While I am very fond of the US (lived there twice since the age of 18... Plus my wife is from Ohio), I do also have a true affinity for Canadians as a result of this!

Thank you so much for making this such an enjoyable experience and for energising us all ( pun intended! ) through this community of enthusiastic reservationists, in North America, yet also around the world!!

Sincerely,
Mike


----------



## TrevP (Oct 20, 2015)

Thanks Mike! 

Just doing our part for the thousands of reservation holders around the world to give them a gentle place to hang out and talk all things Tesla and EV. 

Enjoy it as much as you can because I think we're going to experience an explosion of members and posts once the cars start deliveries. I won't be able to keep up! 

I have tons of video topics planned for when the car arrives so I expect to be doubly busy on that front too!


----------



## Michael Russo (Oct 15, 2016)

TrevP said:


> Thanks Mike!
> 
> Just doing our part for the thousands of reservation holders around the world to give them a gentle place to hang out and talk all things Tesla and EV.
> 
> ...


Sounds precious, Trev, don't forget, us Europeans, surely someone goofy like me who waited until 10/10 to reserve, are likely to be at least 9-12 months behind you before we get our car... So we'll need all the support you can give us... as well as the occasional test drive at the local store...


----------



## Michael Russo (Oct 15, 2016)

Way to go, Canada!

__ https://twitter.com/i/web/status/800951234752577537


----------



## TrevP (Oct 20, 2015)

Ontario, where I am, shuttered our coal power plants years ago. We have quite a number of wind power farms but also nuclear power as well as natural gas power plants. Solar is also growing fast too. 
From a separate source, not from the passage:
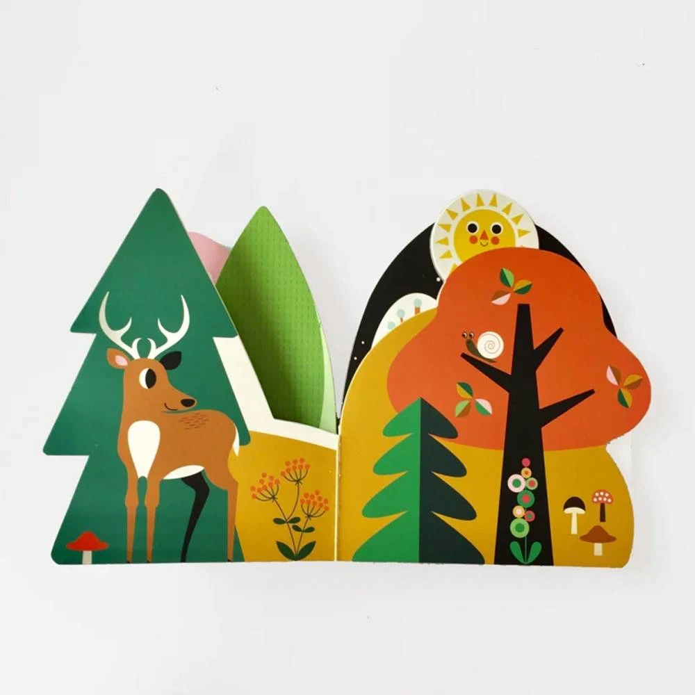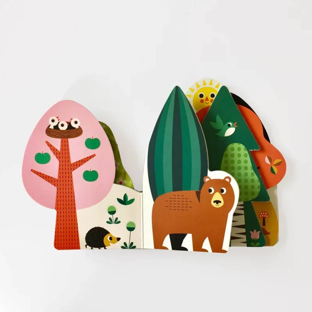 In dit prachtige boekje ‘In het bos’ heeft elke dikke kartonnen pagina heeft een andere vorm. De pagina’s van dit leuke, creatieve boekje hebben de vorm van verschillende soorten bomen. De pagina’s worden steeds een slag groter, waardoor je vanaf de voorkant het hele bos kunt zien. En het boekje kan gezellig als thema of sfeermaker op tafel of een plank worden gezet!

Not perfect but we haven't had smog days in Toronto like we used too in the summer.


----------



## Michael Russo (Oct 15, 2016)

Hopefully this can be looked upon objectively South of the border yet should we hold our breath...?


----------



## Michael Russo (Oct 15, 2016)

Michael Russo said:


> Way to go, Canada!
> 
> __ https://twitter.com/i/web/status/800951234752577537


And here is for those of you who don't speak French...! 
https://www.washingtonpost.com/worl...acbac8-b021-11e6-be1c-8cec35b1ad25_story.html


----------



## Gabzqc (Oct 15, 2016)

Good on you Canada!! Let Europe and the rest of the world follow!


----------



## Michael Russo (Oct 15, 2016)

Go Canada !! 

__ https://twitter.com/i/web/status/803938126523666432


----------